Starving Artists opened the night with a medley, including hit songs such as Neon Trees’ “Animal,” and Fun.’s “We Are Young.” The medley was well constructed and produced, providing a great opener to the evening. The performance captured the attention of the audience, despite the extremely loud sound system that persisted for the entire first act.

By far the most memorable performance of the night was Company B’s rendition of “Don’t Stop Thinking About Tomorrow.” Debuting the song for the first time, Company B’s Sarah Brodsky blew the audience away with her amazing voice. Everyone in the audience got into the song, bobbing their heads, dancing in their seats and clapping. Even Dean Flagel was bopping away.

Rather Be Giraffe’s medley was another exciting piece of the show. The medley, which included “Any Way You Want It,” “Hit me with your Best Shot,” “Ghostbusters” and many other songs, featured solo performances from every member of the group. It was refreshing to see all of the group’s members have their talents showcased as it seemed that many of the members of other a capella groups were lost in the background if they did not have solos.

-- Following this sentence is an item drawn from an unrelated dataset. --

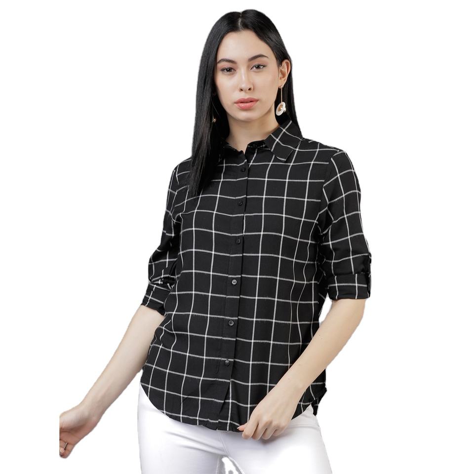 เสื้อเชิ้ตลายตารางแขนยาวสำหรับผู้หญิง,เสื้อเบลาส์แฟชั่นลายสก็อตติดกระดุมน่ารัก

Jewish Fella A Cappella added a touch of comic relief by highlighting the fact that they had an Asian member of their group, Felix Liu Ku. Sporting a yarmulke, Felix brought laughs to all in the crowd.

VoiceMale and Ba’Note cleverly incorporated dance moves and theatricality into their performances, adding another element to the show beyond just singing. VoiceMale, a four-man group, invoked images of a traditional barbershop quartet with their blocking and dancing. Ba’Note incorporated an element of interpretative dancing to their performance, acting out many of the words in Ingrid Michaelson’s “The Way I Am.” Two of their members also mock-proposed to members of the audience at the conclusion of their performance of Bruno Mars’ “Marry You,” bringing smiles and laughter to everyone.

It must be noted that Lexington High School’s Pitchpipes reawakened the audience with their enthusiastic performance of Katy Perry’s “Wide Awake” and a Mumford and Sons medley. As the second to last performance approached, much of the audience was beginning to fade, yet this all-male group’s booming voices caught everyone’s attention. Their unique dance moves that included stomping and kicking added a creative touch to their performance.

To close the event, Starving Artists performed again with Demi Lovato’s “Lightweight” and 90s hit “Waterfalls” by TLC. After the lengthy show, the group’s encore performance struck many as unnecessary. The audience quickly filtered out after these performances, with few closing notes from the MCs and seemingly little regard to the organization for which the concert was dedicated.